On 7/17/13 6:46 PM, Josh Berkus wrote:
The key metric I'm looking at is that the bgwriter only took care of
0.3% of buffers.
There look to be a good number of buffers on this server that are only
being written at checkpoint time. The background writer will only deal
with buffers when their usage count is low. Fast servers can cycle over
shared_buffers such that as soon as their usage counts get low, they're
immediately reallocated by a hungry backend. You might try to quantify
how many buffers the BGW can possibly do something with using
pg_buffercache.
So we're halting because we hit lru_maxpages a *lot*, which is keeping
the bgwriter from keeping up.
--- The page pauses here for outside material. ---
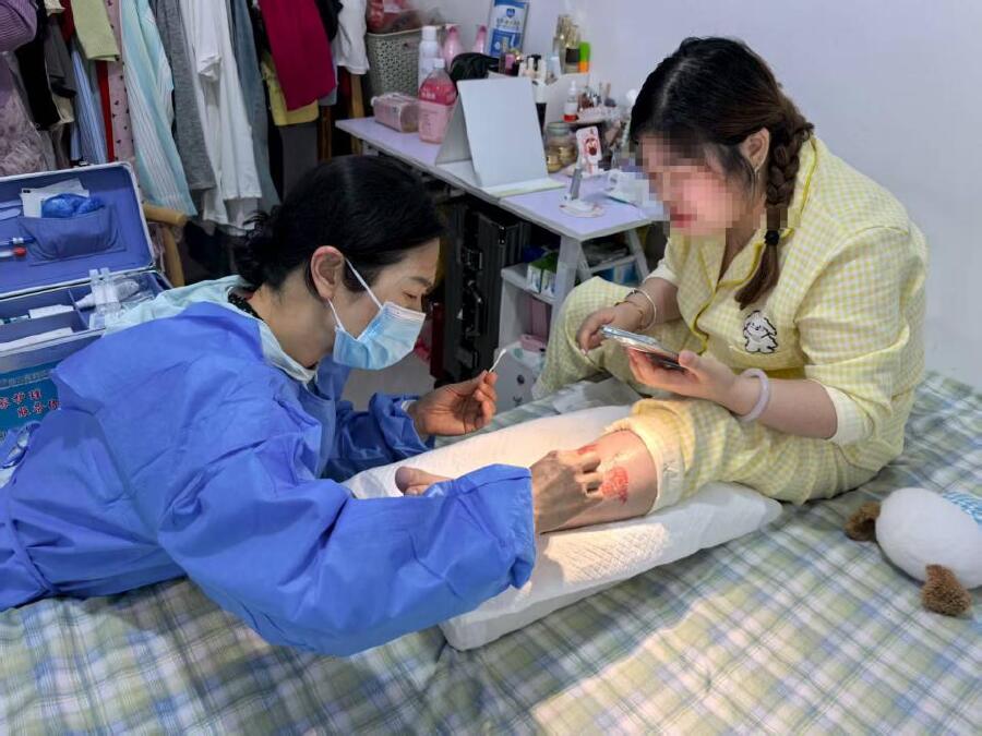 如何讓母親得到更好的照護?張女士一家犯了難。幸運的是,經人介紹,張女士學會了通過“豫健護理到家”小程序預約上門換藥服務。這讓她結識了鄭州大學第五附屬醫院傷口治療師安艷麗。

What gives?
2007's defaults can be a bummer in 2013. I don't hesitate to bump that
up to 500 on a server with decent hardware.
If it weren't for power savings concerns, I would set bgwriter_delay to
10ms by default. With that change lru_maxpages should drop to 10 to
have the same behavior as the existing default.
"It then sleeps for bgwriter_delay milliseconds, and repeats. When there
are no dirty buffers in the buffer pool, though, it goes into a longer
sleep regardless of bgwriter_delay."
That wording is from some power savings code added after I poked at
things. Look at src/backend/postmaster/bgwriter.c where it mentions
"electricity" to see more about it. The longer sleeps are supposed to
be interrupted when backends do work, to respond to bursts. Maybe it
can get confused, I haven't looked at it that carefully.
The latching mechanism shouldn't need to be tunable if it works
correctly, which is why there's no exposed knobs for it.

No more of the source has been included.